Shame Director Steve McQueen On Coincidences And Ugliness In New York City

Michael Fassbender in Shame
(Image credit: Momentum Pictures)

Watching the movies of Steve McQueen, the British director behind Hunger and now Shame, you're forced to slow down a little bit, to get into the deliberate pace of the film and stop expecting things to progress as frantically as they might in a more traditional film. Talking to McQueen, on the other hand, is the opposite-- he speaks fast, and speaks constantly, and will move from an idea suggested by your question to something totally different with no warning at all. It's thrilling to try and keep up with him, especially when you've only got a 15 minute interview and a lot to talk about.

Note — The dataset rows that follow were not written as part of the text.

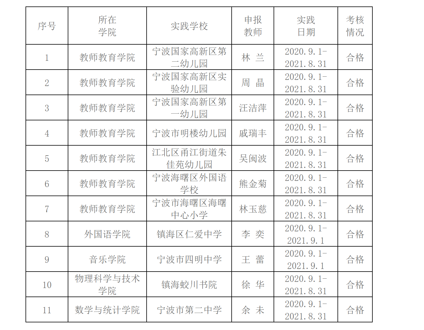 根据《澳门新葡京网 教教师教育实践能力培养实施办法(试行)》(宁大政〔2020〕40号)文件,教务处对2020-2021学年教师教育实践能力培养考核合格的相关人员进行公示,具体名单如下:
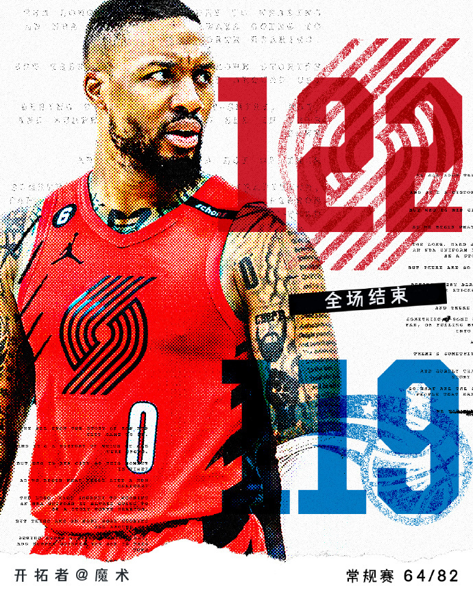 开拓者(30-34):利拉德41分9板6助2断,格兰特20分6板7助2帽,尤班克斯13分6板3助,雷迪什16分5板3助2断,塞布尔6分8板,沃特福德7分5板2断,夏普8分。
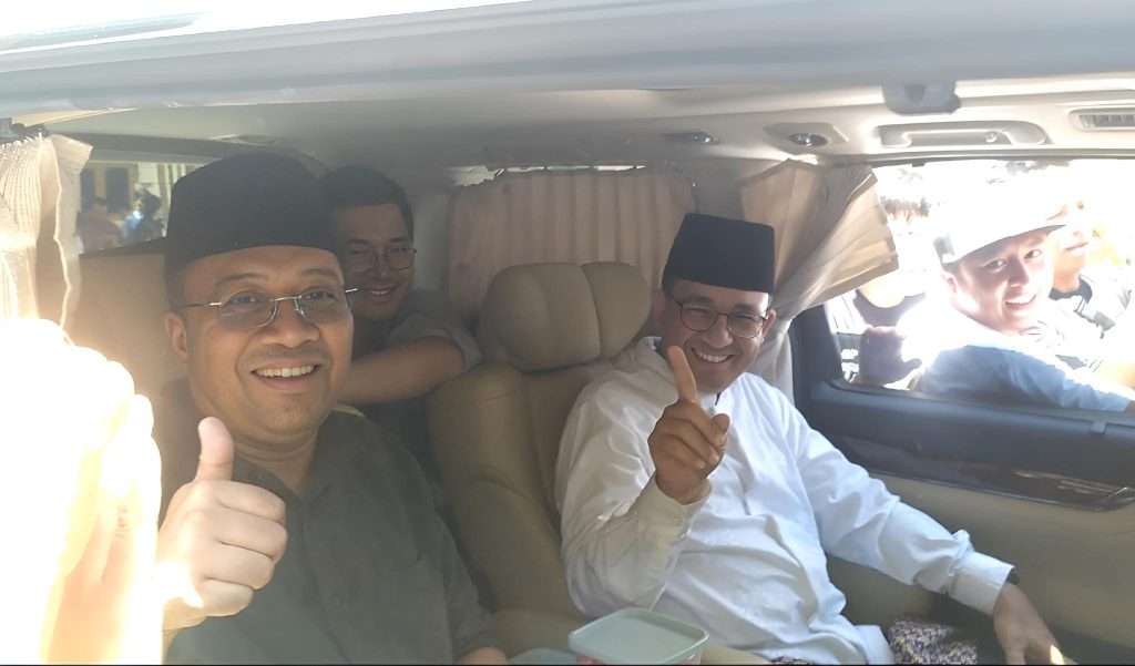 Anies didamping istri dan anaknya. Turut hadir eks Gubernur NTB Zulkieflimansyah alias Bang Zul dan eks Ketua Mahkamah Konstitusi Hamdan Zoelva.
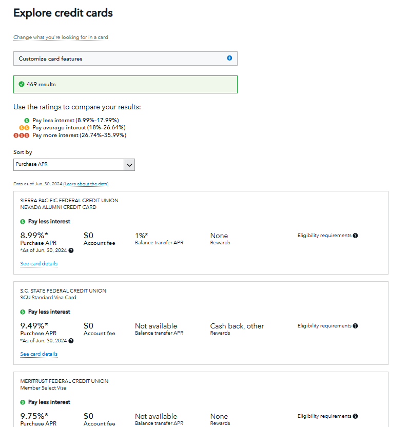 Inside the Explore Credit Cards tool
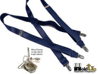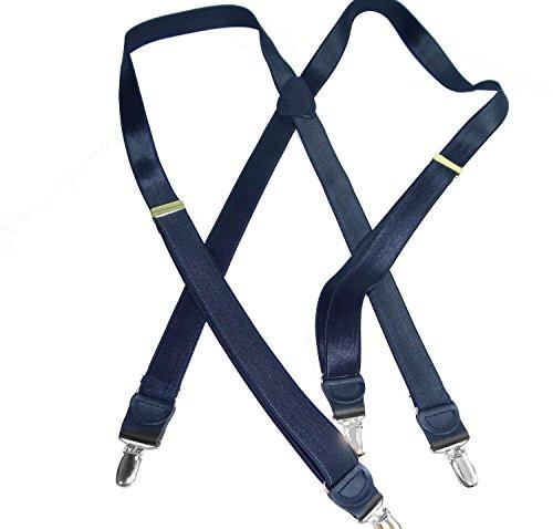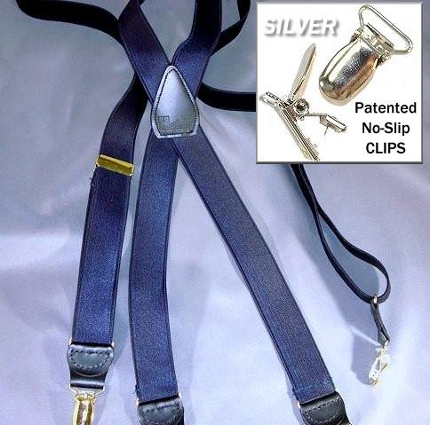 Hold-Up Suspender's Formal Wear Series clip-on suspenders in "SATIN BLUE" dark navy color featuring our patented NO-SLIP clip in silver/chrome tone. These new 1" width suspenders are in X-back style and are adjustable to 48" in length. The image above really doesn't do justice to the SATIN finished colors of these businessman's suspenders. The top grade black leather tabs and X-back crosspatch, add up to a more formal look. Why should you ever have to suffer through the agony of those cheap tuxedo rental shop pair that never seem to hold up. You owe it to yourself to get our exclusive formal series of men's suspenders designed for a lifetime of parties and social events. All materials are carefully chosen for durability, pleasing look and above all they'll never pop off at the least opportune time. Great gift idea for the men at your wedding or as a Father's Day present. Always Up for any occasion...buy several pair of these formal suspenders. Search Amazon for a full selection of colors and X- or Y-back and clip finish options. HoldUp's exclusive - FORMAL SERIES all have top quality elastic cloth specifically chosen for durability and lasting stretch. All come with the best saddle leather tabs that vary in size and taper front to back for more comfort and convenience when attaching them to your pants.
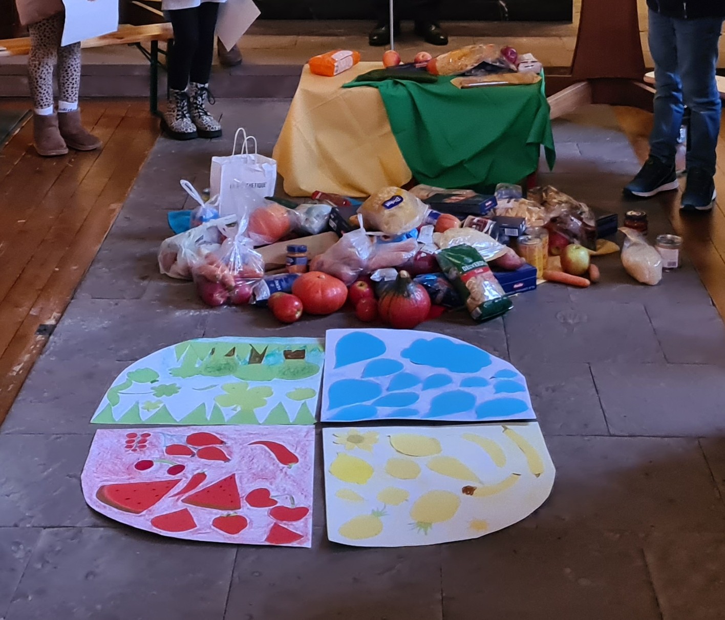 Mit Liedern, Texten und den von den Kindern mitgebrachten Gaben haben wir mit allen Klassen am 25.September 2025 einen Erntedankgottesdienst in der Kirche gefeiert. Die 4. Klassen haben den Gottesdienst mit eigenen Beiträgen und gemalten Bildern gestaltet. Alle Kinder waren mit viel Freude dabei.

In Shame McQueen once again directs Michael Fassbender in a no-holds-barred performance, this time playing a sex addict who lives an ostensibly successful life in New York City but is completely ravaged by his addiction. Shot entirely on location in New York, using a lot of modern architecture and posh locations, Shame looks like no New York movie you've ever seen, but McQueen swears he wasn't thinking about background at all. Watch him completely shoot down my first question about possible visual themes of the movie, then talk about why he explained so little about the characters and their back story, how they came up with the title, and why Shame and his next film 12 Years A Slave, despite their Yankee settings, aren't necessarily American movies. Shame is out in limited release this weekend.

Usually New York movies make me homesick, butt his movie had the exact opposite effect. The locations, with all the modern architecture, are so chilly and isolating, and they're all so similar. It seems that must have been a deliberate effort on your part.

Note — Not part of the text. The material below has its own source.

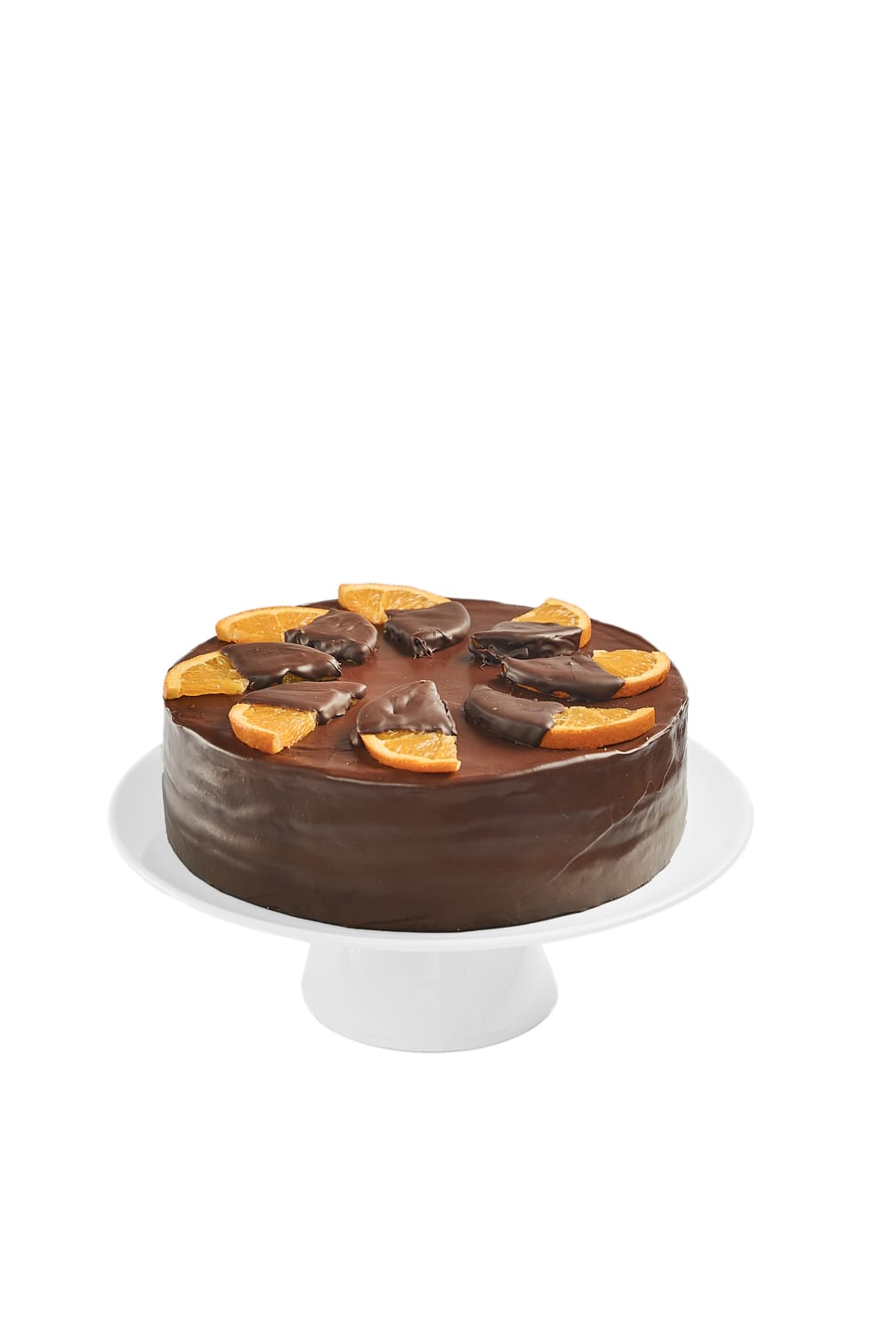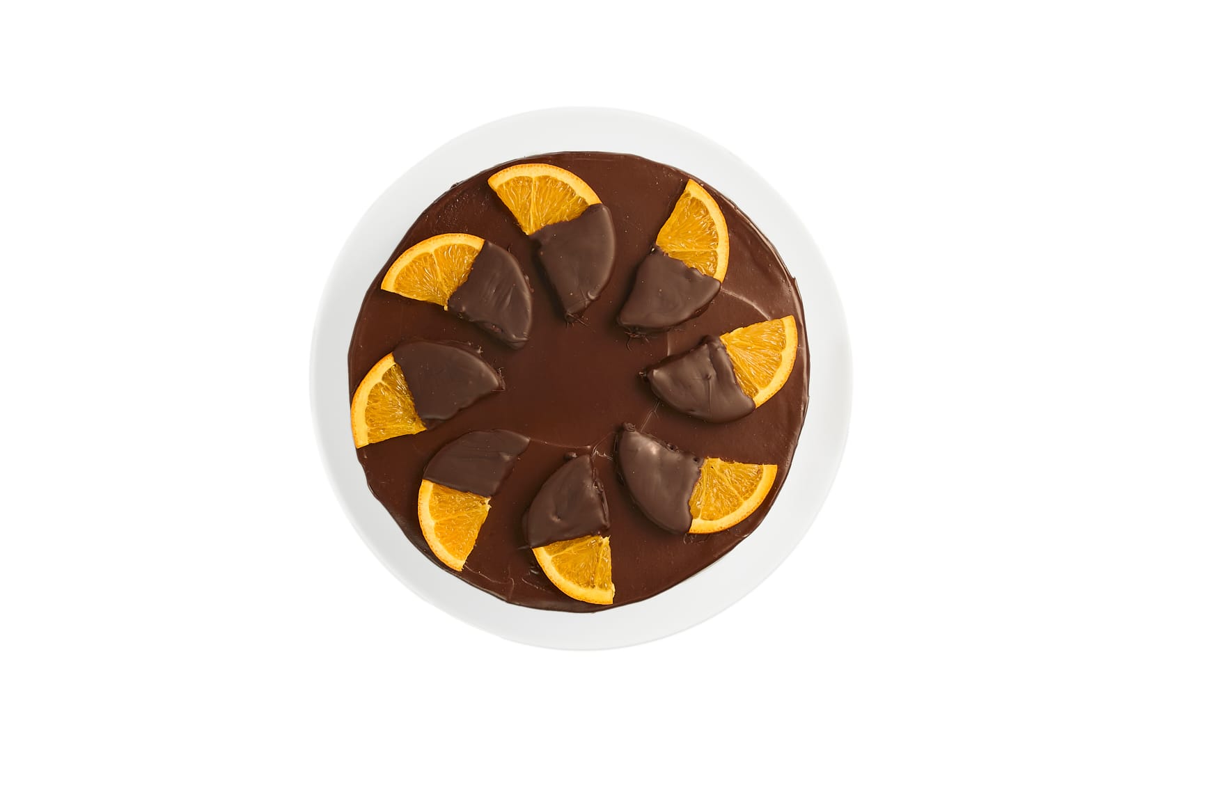 Piernik przełożony marcepanem i powidłami śliwkowymi, oblany czekoladą i udekorowany kandyzowaną pomarańczą. Wersja dla tych, którzy nie lubią kremu 😉
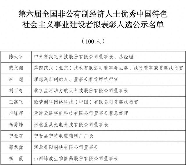 中央统战部、工业和信息化部、人力资源社会保障部、市场监管总局和全国工商联共同开展第六届全国非公有制经济人士优秀中国特色社会主义事业建设者评选表彰活动。为充分发扬民主、广泛听取意见、接受社会监督,现将100名全国非公有制经济人士优秀中国特色社会主义事业建设者拟表彰人选名单和8名后备人选名单予以公示。公示时间从2025年7月7日起,至7月13日止。如对人选名单有异议,请于公示期间通过电话、传真、邮件和信函(以到达日邮戳为准)等方式向第六届全国非公有制经济人士优秀中国特色社会主义事业建设者评选委员会办公室反映。以单位名义反映情况的材料需加盖单位公章,以个人名义反映情况请签署实名,并提供联系电话。

No, not really, not at all. I wasn't thinking about background, I was thinking about ritual. I was thinking about where Brandon lives, where he'd go for his takeout food, how he'd walk to the subway, how he'd go to work. It was meticulous planning of how he would get from A to B.

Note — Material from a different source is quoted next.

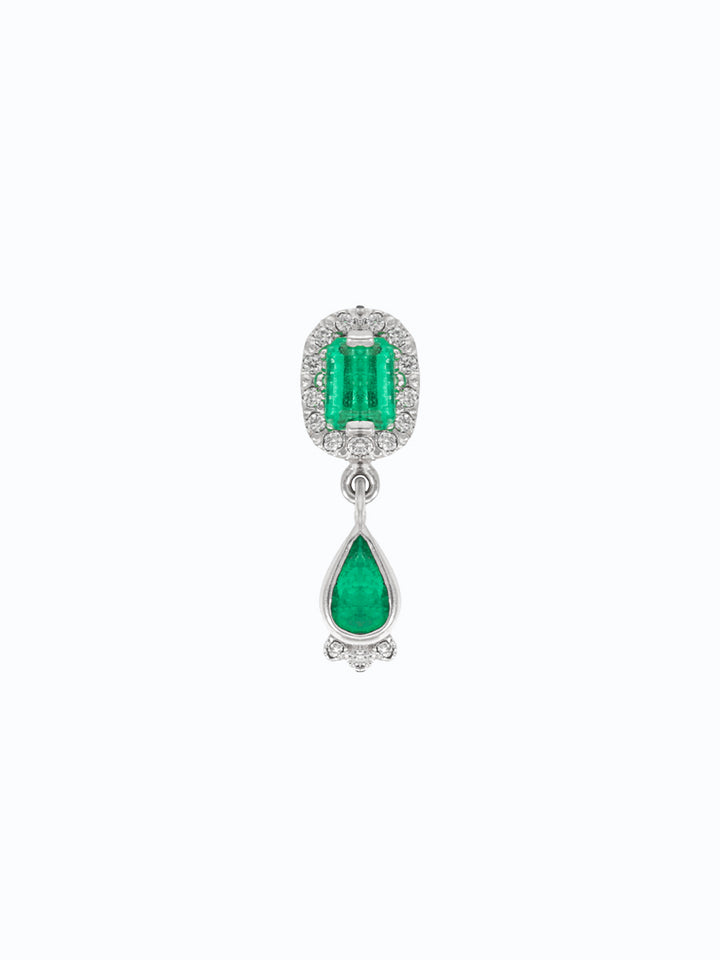 "Dos formas, una energía: la esmeralda rectangular representa la mente clara y la estructura; la gota, el fluir del corazón. Entre ambas, la luz de 17 diamantes, número que vibra con la renovación espiritual y la fuerza interior. Este dije, tallado en oro blanco 18K, guarda la sabiduría de la tierra y la pureza del cielo. Una creación que honra el equilibrio entre razón y emoción, diseñada para quien busca armonía, propósito y elegancia atemporal."
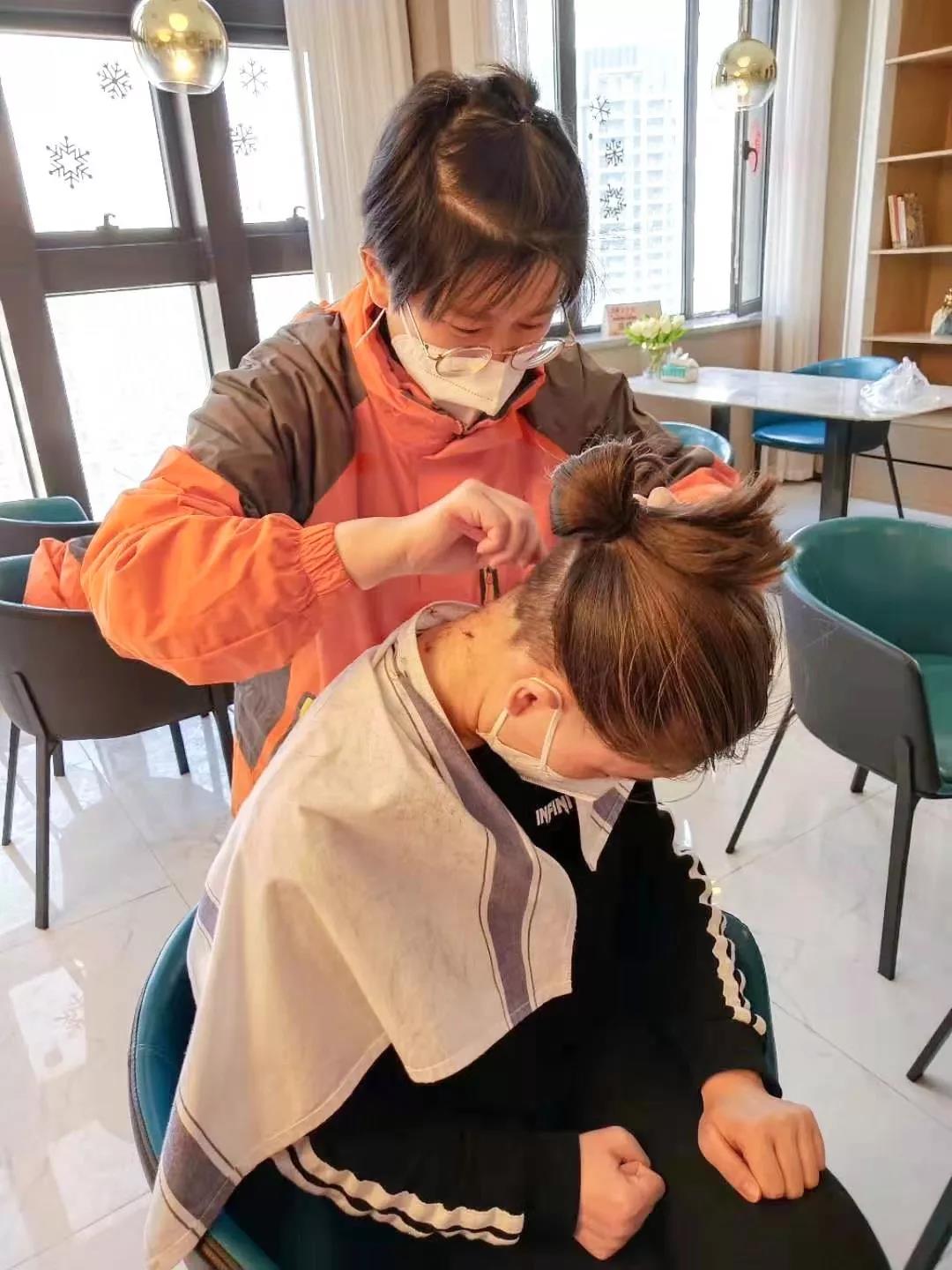 自2月3日醫(yī)療隊抵達武漢,許多熱心企業(yè),包括武漢市政府都在一刻不停地在為大家的后勤保障奔波。但由于疫情防控的原因,理發(fā)店都關(guān)門了。經(jīng)過多方協(xié)調(diào),終于聯(lián)系到家住在附近的周詩堯等人。

So it's a result of where the neighborhoods are, not what they look like.

My focus is the character. My focus is Brandon. And that's it really. How he exists, what he would do, how he would walk. There's been a lot of talk about the movie and New York and landscape, but it was never a self-conscious situation.

So you were really rigorous about the geography, when a lot of people who shoot in New York aren't.

I love that because it makes my job easier. You have these beautiful things you have to deal with, and sometimes ugly things you have to deal with. That's part of our experience anyway. A lot of times in New York people live and work in the sky. You're always in the perspective, there's always a vista. You're always in the perspective of the city. Huge glass windows, apartments, hotels. I think sometimes it can make you feel quite lonely in a strange way. Who are you within this huge bloody city? And it is beautiful, because you're actually in a frame within a frame.

In the shot of him on the West Side Highway in the end, and you put him in contrast with the city from way down low, as opposed to in the sky.

For me it was a great, wonderful coincidence, it was bucketing down with rain that day, it was awful but fantastic for us. You have to embrace it, you have to deal with it. It may force you to make wonderful decisions. For me, that's cinema. I don't want to make TV commercials. So I wanted Brandon at that point, he needed some situation of distance. On the ground there's always a blockage of view, so the whole idea of expanse. I love the idea of the broken jetty, for me they're almost like broken people. It was one of those beautiful things.

You went through the trouble of actually shooting on the subway, which almost nobody does.

It's a little bit expensive, bur the transport people are very accommodating.

Why did it feel necessary to shoot on the actual subway?

Like I said before, you want to do the real thing. You don't want to avoid things, because it's a reality of what you need to get. The ritual is beautiful-- it's difficult, but it is what it is. And also it's underground and you're confronted with people. In London it's the same, you're on the underground, people, coincidence, it's beautiful. In New York with the grid system, you have a lot of coincidences. Things happen here-- it allows for more spontaneity. The ritual of going to work, often you meet the same people all the time. I love that, the possibility. It's wonderful that this ritual of courtship happens on the train.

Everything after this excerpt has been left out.